I'd agree but I'm yet to be convinced she knew/thought Moth was severely ill in 2013 to account for her level of catastrophising. And as we've seen with many other inconsistencies, it seems even less likely. More that she's very good at fitting "based on real life events" into fictional, emotional story arcs. Sure, it's not uncommon for writers to embellish and alter things for the sake of a story, but RW's stories depend on certain truths that are fundamental to the stories. If those truths are undermined, so are the stories IMO.

FightingTemeraire · 24/07/2025 10:37

TheBrandyPath · 24/07/2025 10:22

@Vroomfondleswaistcoat Can one separate the artist from the art in an unflinchingly honest work of non-fiction?

Edited

I think so. If someone asked you to write an ‘unflinchingly honest’ account of your day so far, you’d still select, omit, shape etc.

@Vroomfondleswaistcoat — I don’t disagree. It’s possible Raynor is honestly representing her own panicked response to a diagnosis she catastrophised.

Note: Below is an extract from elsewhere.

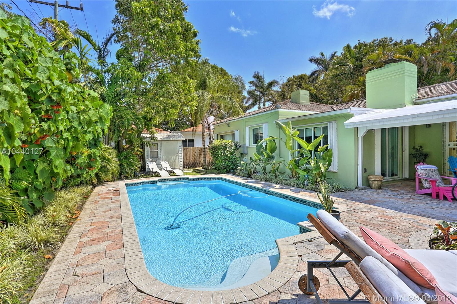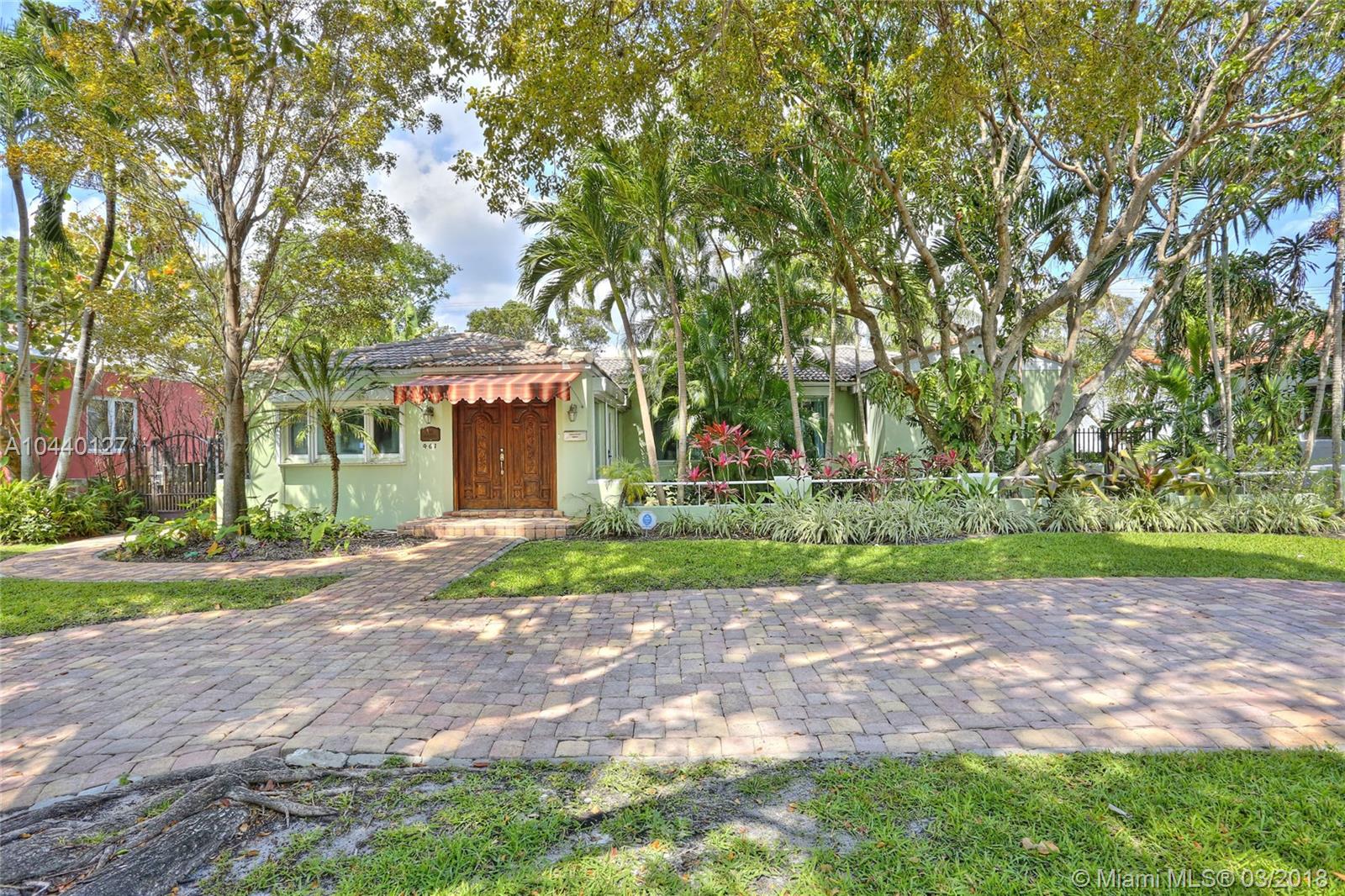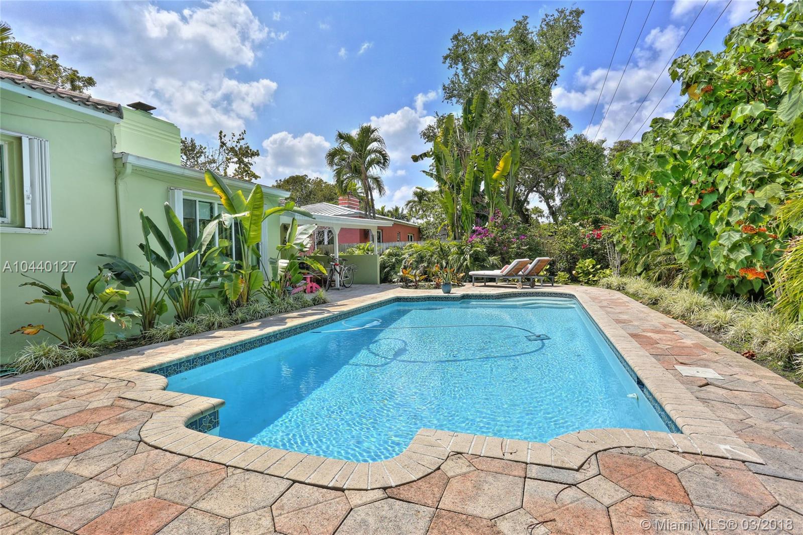 This charming pre-war courtyard ranch style home will impress you from the first moment you enter the long glass enclosed foyer to the beautiful heated tropical pool in the back. This gem is a large 3BR/2BA plus a den (4th bedroom), formal dining room plus large dinette/family room off the remodeled open kitchen. Charming features include volume ceilings, custom plaster moldings, fireplace, vintage bathrooms, marble and rich oak wood floors. The kitchen has custom Brookhaven maple cabinets, Thermador and Bosch cooktop and wall oven, granite counters and more. Located on one of Morningside's prettiest tree lined streets. Easy to show.

Where it gets more problematic for me is that she actively leans into the ‘imminent decline and a horrible death’ presented as total stark fact in two subsequent books and a huge amount of publicity, when it would have been perfectly possible, with minimal loss of face or credibility, to say ‘Further health consultations suggest Moth either has a different condition, or a very atypical form of what was originally diagnosed’, rather than to keep representing Moth as in terminal decline and needing to be saved once again by a walk she turns into a book.

And if Bill Cole’s account of Moth telling him he’d been told by his doctors not to make plans beyond Christmas is true, that’s pretty cynical manipulation.

Incidentally, I’ve just read Jenn Ashworth’s The Parallel Path, about walking the coast to coast path and getting letters at every overnight stop from her friend Clive, who is dying, and then discovering that her odd falls and dizziness en route weren’t sunstroke, but because she has a brain tumour. It’s very good on being around someone who is dying, on care, on how people choose to approach illness and death.